Eyes: Eyes are dark brown to deep umber, earth-rich rather than reflective. They are slightly hooded but set marginally wider and less deeply recessed than male Belthari eyes, reducing confrontational cues. The gaze is assessing and practical, suggesting judgment shaped by experience rather than emotion.

Nose: The nose is broad and low-bridged, with a widened base and blunt tip shaped by age and outdoor labor. It is less projecting and less dominant than in male Belthari, with softer transitions rather than sharp profile breaks. Avoid symmetrical or human-idealized forms.

Skin: Skin coloration is strongly green-dominant, matching the same saturation range as male Belthari such as Alaric. Green is not muted or olive-only.

Color variation includes:

moss green lichen green leaf-dark green warm soil undertones beneath the surface

The skin reads clearly and richly green at first glance, with mottling, staining, and age variation layered on top rather than replacing the base tone.

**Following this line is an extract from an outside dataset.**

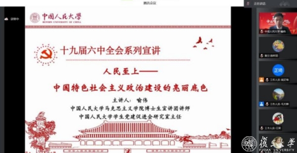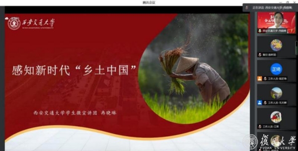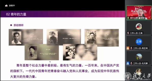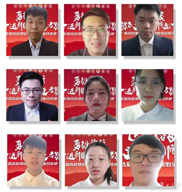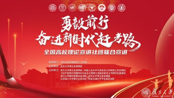 在这场由复旦大学博士生讲师团牵头主办的全国高校理论宣讲社团联合宣讲活动中,清华大学、中国人民大学、北京航空航天大学、浙江大学、武汉大学、大连理工大学、西安交通大学等七所高校的优秀学子共同参与,用理论宣讲的形式践行“请党放心,强国有我”的铿锵誓言,1.3万余人次在线观看宣讲。复旦大学党委副书记尹冬梅出席活动并致辞。
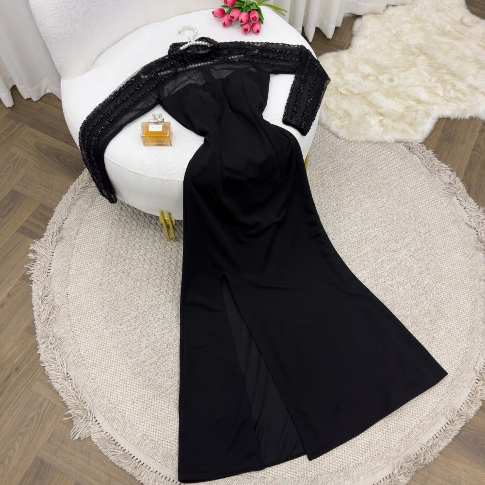 في آن واحد مما يمتاز بقصة ملفتة تبرز جمال قوامك و يتألق بقماشه الفاخر والناعم مما يضفي عليكِ مظهرًا راقيًا ومغرًا في كل لحظة مما يضفي لمسة من الأناقة والفخامة ارتديه في المناسبات الخاصة والسهرات الراقية واستعدي لسحر الإطلالة وإبهار الجميع بأناقتكِ اللافتة وجاذبيتكِ الفائقة

Ears: Ears follow Belthari racial structure: thicker, softly rounded, heavier at the base, and subtly asymmetrical. They are slightly smaller and less protruding than male Belthari ears, contributing to a calmer facial silhouette.

Hair: Hair is green-grey to moss-green, coarse and biologically grown rather than styled. It is worn pulled back or loosely braided purely for function, with uneven tension and stray strands. Color shows variation through deeper green roots and lighter, weathered lengths rather than uniform greying.

Clothing: Clothing consists of simple, layered agricultural garments. Materials resemble worn leather and coarse cloth, rendered in rich bark browns, oiled leather tones, muted rusts, and soil-dark greens, chosen for depth rather than dullness. Garments are repaired, creased, and shaped by long use. No ornamentation.

Rendering & Lighting: Shading is tonal and painterly rather than cinematic. Lighting is soft and diffuse, but color saturation is preserved, especially in skin and hair. Colors retain pigment and weight and remain readable when scaled down for a 2D fantasy game interface. No rim lighting, dramatic highlights, or photographic depth of field.

Background: The background is lightly suggested only — hints of fields, grain stores, or earth-toned interior forms — kept darker or less saturated than the figure so she remains the clear focal point.

Overall Impression: The overall impression is one of endurance, continuity, and grounded authority — a woman whose judgment is trusted because she has lived the cycles repeatedly. She is unmistakably Belthari, unmistakably female, richly green, emotionally present without dramatization, and fully compatible with a stylized fantasy game world.